Krótka, pozbawiona polotu relacja z biegu 10 km Chevrolet Szpot Swarzędz (kreatywność dzisiaj jest w stanie spoczynkowym). 
Kiedy o 6 rano wybił alarm budzika, bezczelnie go zignorowałam, darowawszy sobie jeszcze godzinę snu.
O 7. obudziłam się sama z siebie i był to deadline, jeśli chcięliśmy się ze wszystkim wyrobić.
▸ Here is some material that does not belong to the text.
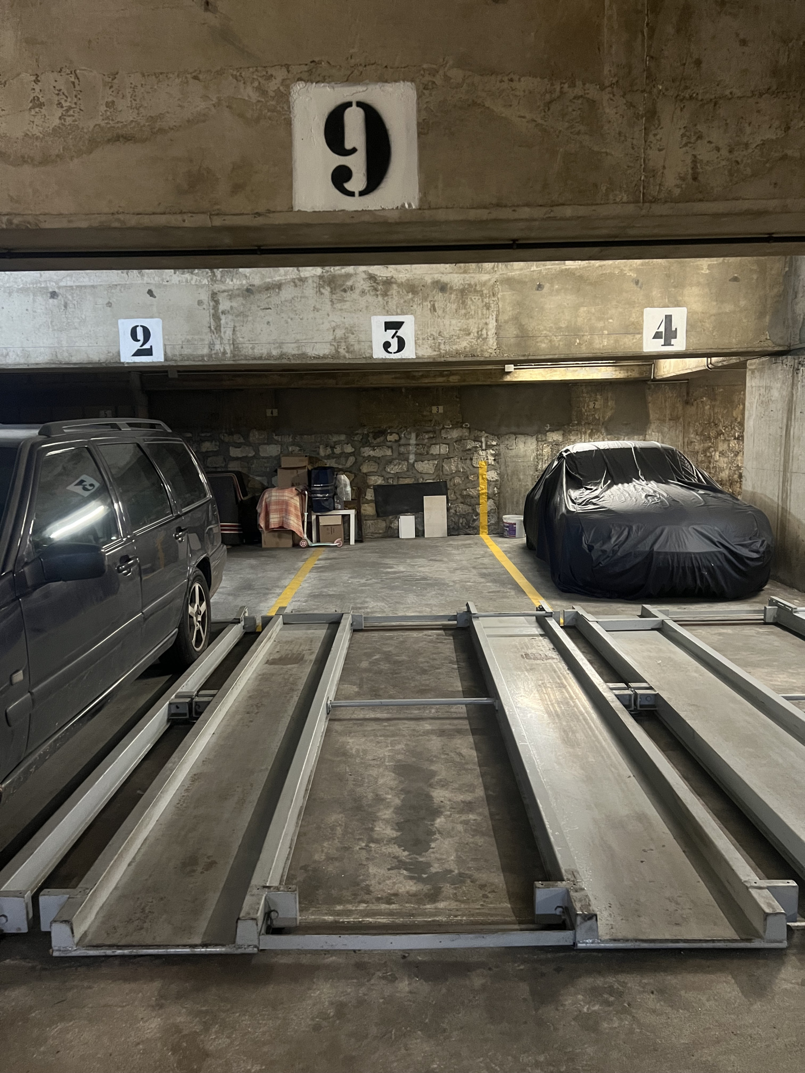 Un emplacement de parking au deuxième sous-sol d'un immeuble.

Do Swarzędza mamy żabi skok, a w niedzielę rano trudno o korki. Wyruszyliśmy 
z marginesem na szukanie biura sportowego (niepotrzebnie). Ponieważ jestem Mistrzynią Stroju Nieadekwatnego do Aury, także i tym razem chybiłam w jego doborze bo odstrzeliłam się w króciutkie spodenki i bluzę. Jak nietrudno się domyślić, trzęsłam się później jak galareta. Na hali spotakaliśmy się z Zosią i Michałem. Absolutnie nie chciało nam się wyściubić nosa na zewnątrz. Start przewidziany był na 10, a my stawiliśmy się na jego linii o 9.35 i cała nasza grupa zrezygnowała z rozgrzewki.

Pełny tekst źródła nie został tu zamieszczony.